# Rosie learning positions in motion



## Matt Vandart (Nov 28, 2012)

So over the welsh summer i.e 3 days of sun a couple of weeks ago Rosie learned positions out of motion:

https://www.youtube.com/watch?v=CJdJ60dVsvU


----------



## Khoi Pham (Apr 17, 2006)

Looking good there in the street, didn't get distracted much.


----------



## Bob Scott (Mar 30, 2006)

Very nice Matt!

Constructive criticism if I may. 

How often do you return to her after you give her a sit/down/stand while moving?

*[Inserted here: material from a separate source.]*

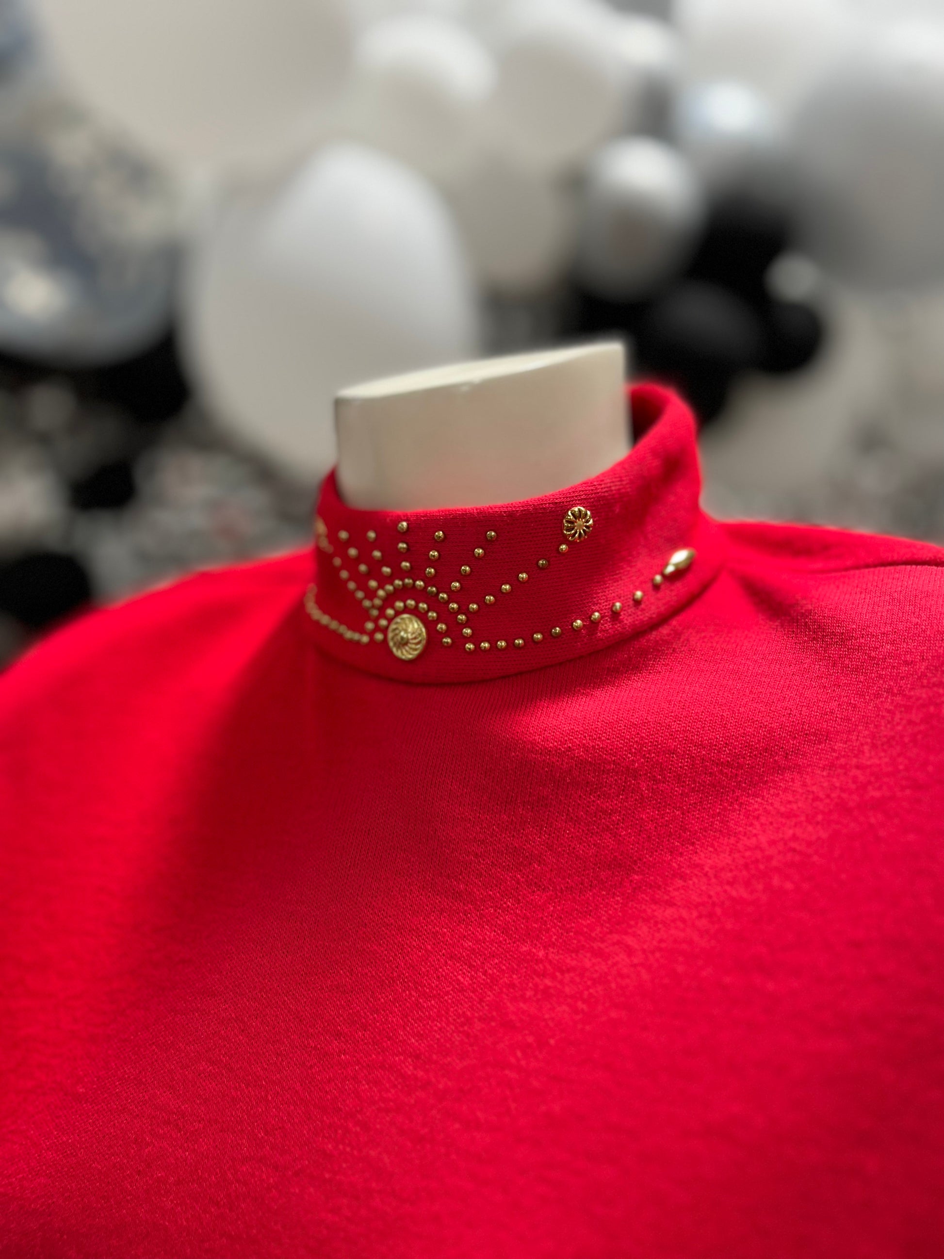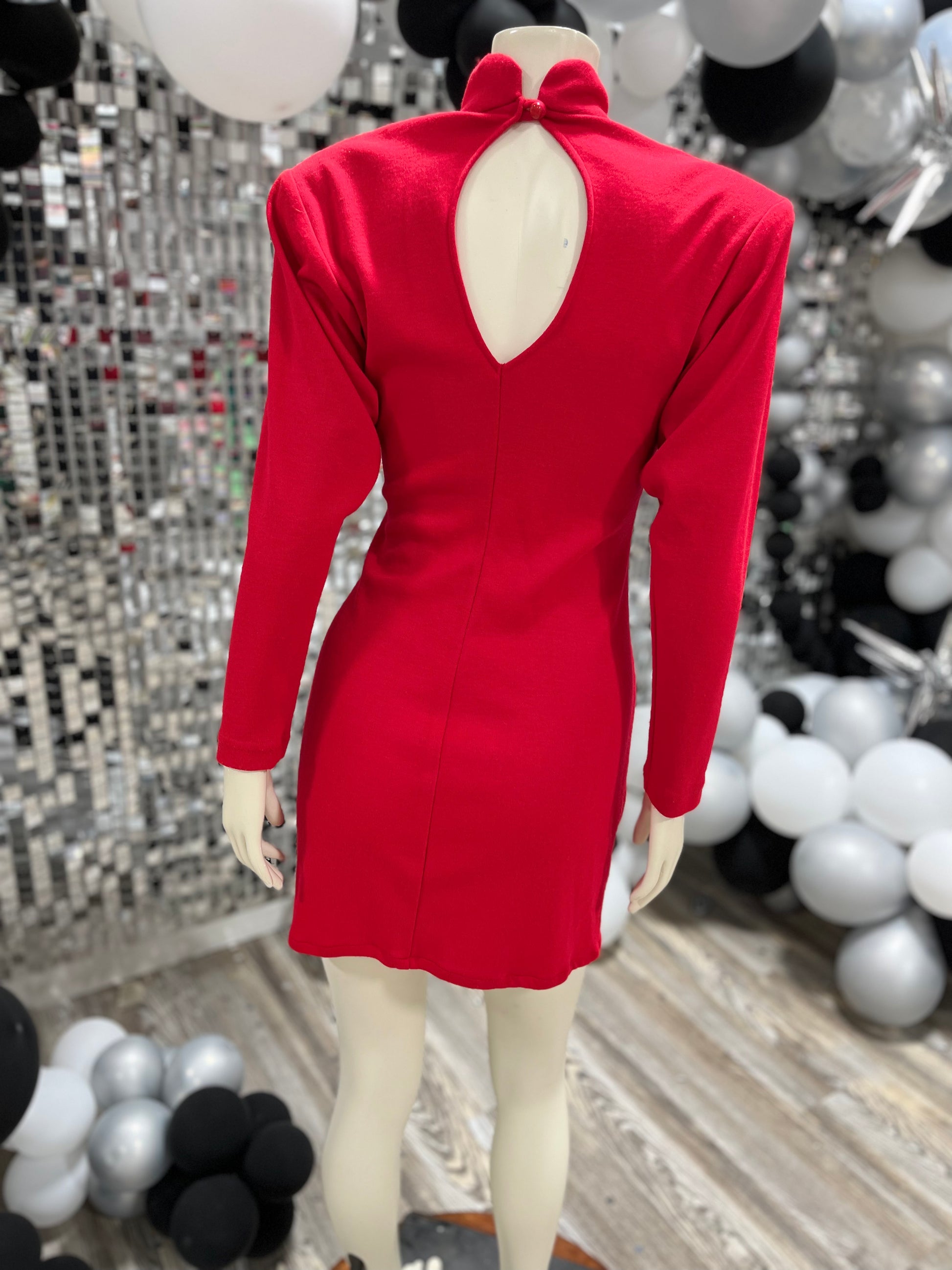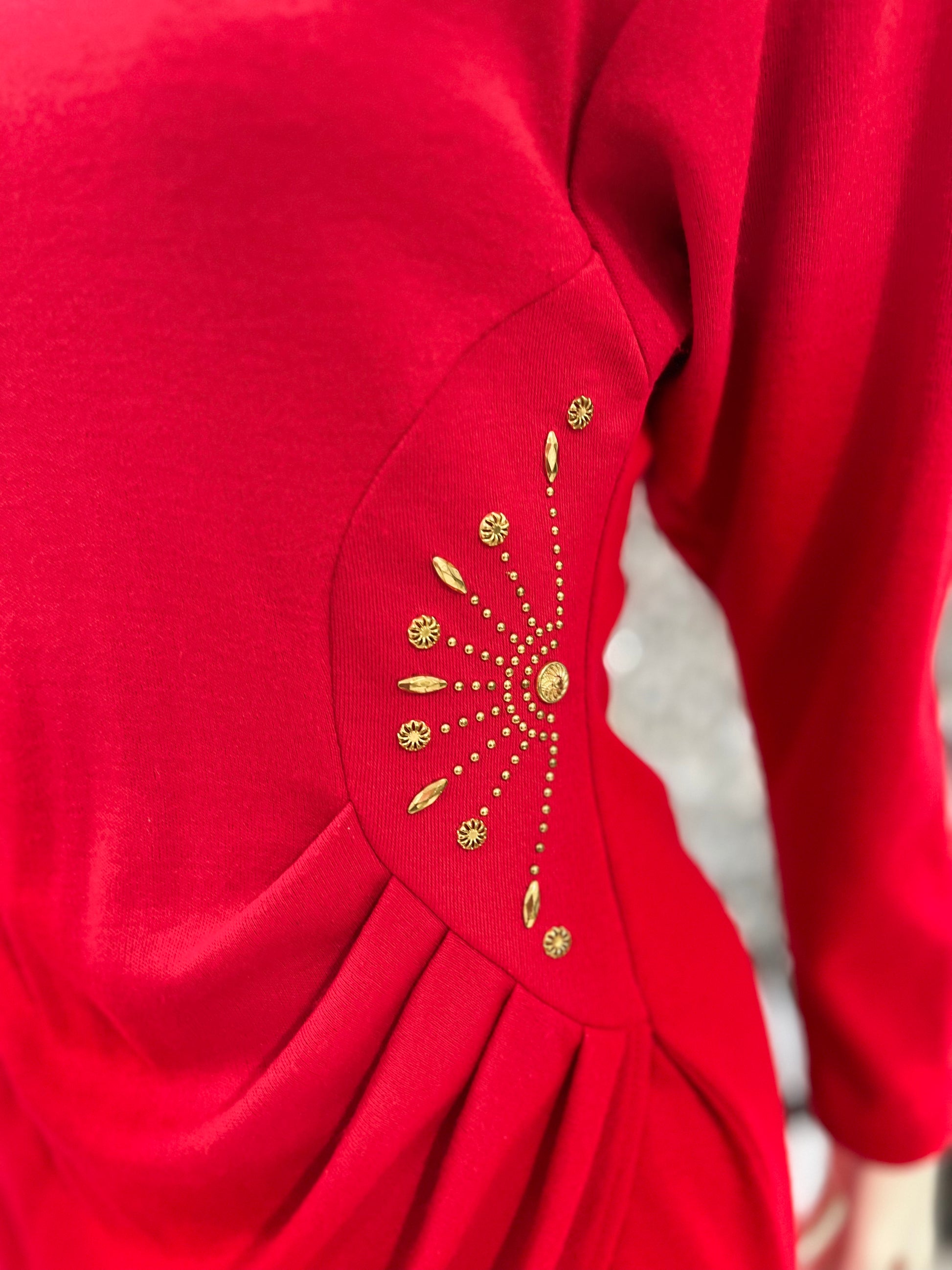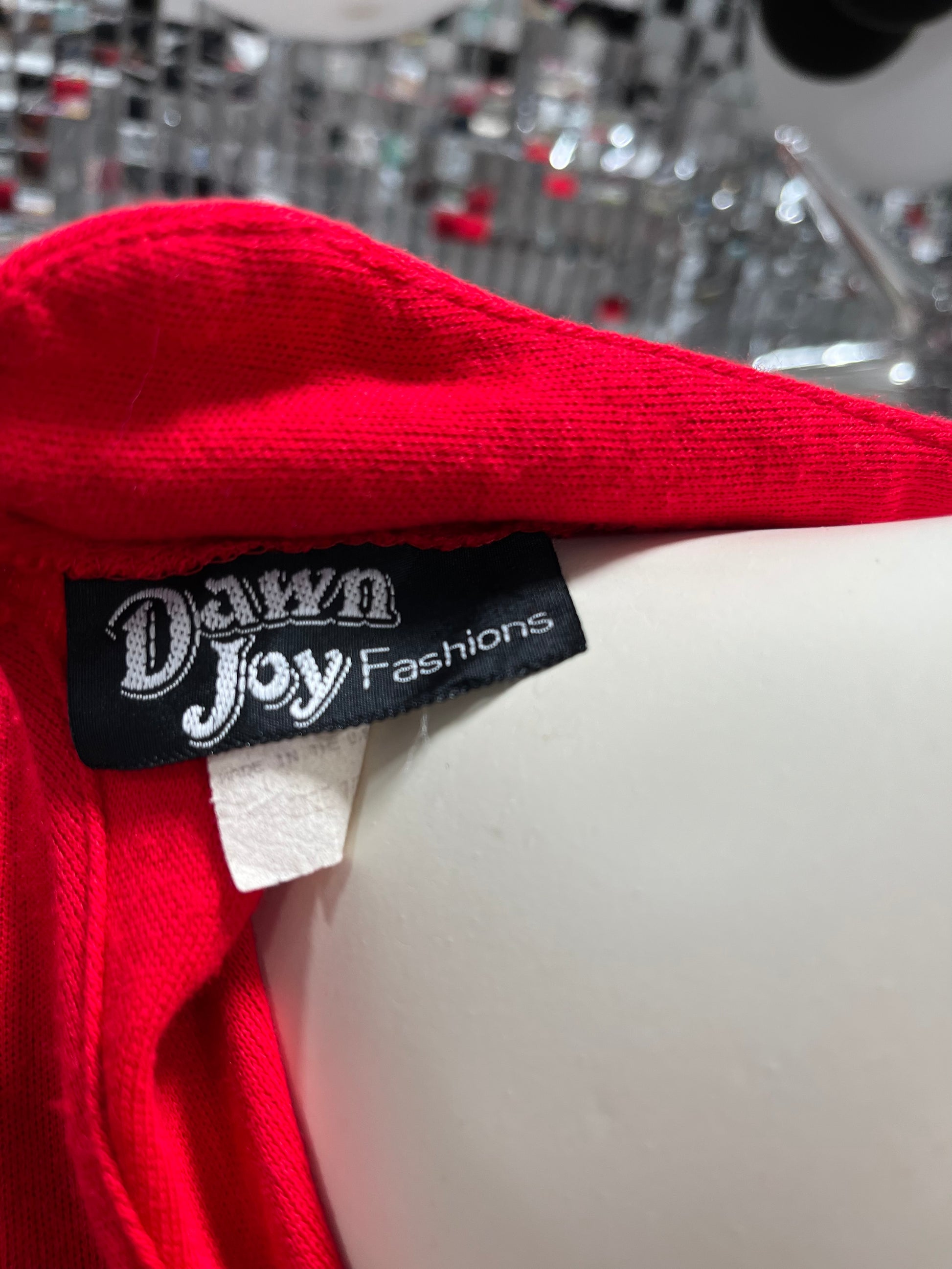 Vintage 80s Gold Studded Red Pleated Dawn Joy Mini Party Dress M

She anticipation is pretty strong like she's ready top break for the reward every time and moving just a bit at times.


----------



## Nicole Stark (Jul 22, 2009)

Nice to see and update on your progress with her. How is your dynamic set up with Kath? I noticed she seems to provide feedback and counsel a bit, but I didn't know if you work it out so she spots you during these sessions as well.


----------



## Meg O'Donovan (Aug 20, 2012)

Always nice to see how much your dogs like working with you.


----------



## Patty Beck (Mar 9, 2011)

Nice job. I know you are a pretty advanced trainer but I wanted to share a thought for motion exercises. I start my motion exercises moving backwards facing my dog. Starting with walking in place (so they see movement) then moving slowly backwards, then running backwards. I switch it up and start pivoting until I am back in heel position.


----------



## Matt Vandart (Nov 28, 2012)

Cool tip Patty thanks  

Khoi- thanks man

Meg- thank you also 

Nicole- Kath is awesome at spotting my **** ups

Bob- pretty much as many times as you see in this vid. In total it was 3 5 minute sessions. Rosie already knows positions by verbal cue for Ringsport so I figured she would get it by word association.

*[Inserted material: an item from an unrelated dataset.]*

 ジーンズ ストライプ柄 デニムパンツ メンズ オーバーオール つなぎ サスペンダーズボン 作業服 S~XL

I'm not actually gonna go any further with this particular exercise tbh as I can see it screwing with her ring heeling maybe.


----------



## Bob Scott (Mar 30, 2006)

I view the motion exercises similar to the send out. 

I will reward the dog as many as 7 times out of ten for the down. 

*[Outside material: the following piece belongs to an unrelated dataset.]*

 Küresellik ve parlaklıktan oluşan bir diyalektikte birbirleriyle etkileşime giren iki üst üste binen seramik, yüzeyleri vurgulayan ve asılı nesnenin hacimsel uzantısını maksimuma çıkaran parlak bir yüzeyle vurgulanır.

The week before a trial I will reward every time during training.

With the sit/down/stand I will return to the dog aprox the same 7 out of ten and every time the week before a trial. 

"For me" that avoided and movement from the dog on those commands.


----------



## Matt Vandart (Nov 28, 2012)

I concur Bob, good advice


----------



## petguide.co (11 mo ago)

Matt Vandart said:


> So over the welsh summer i.e 3 days of sun a couple of weeks ago Rosie learned positions out of motion:


😲


----------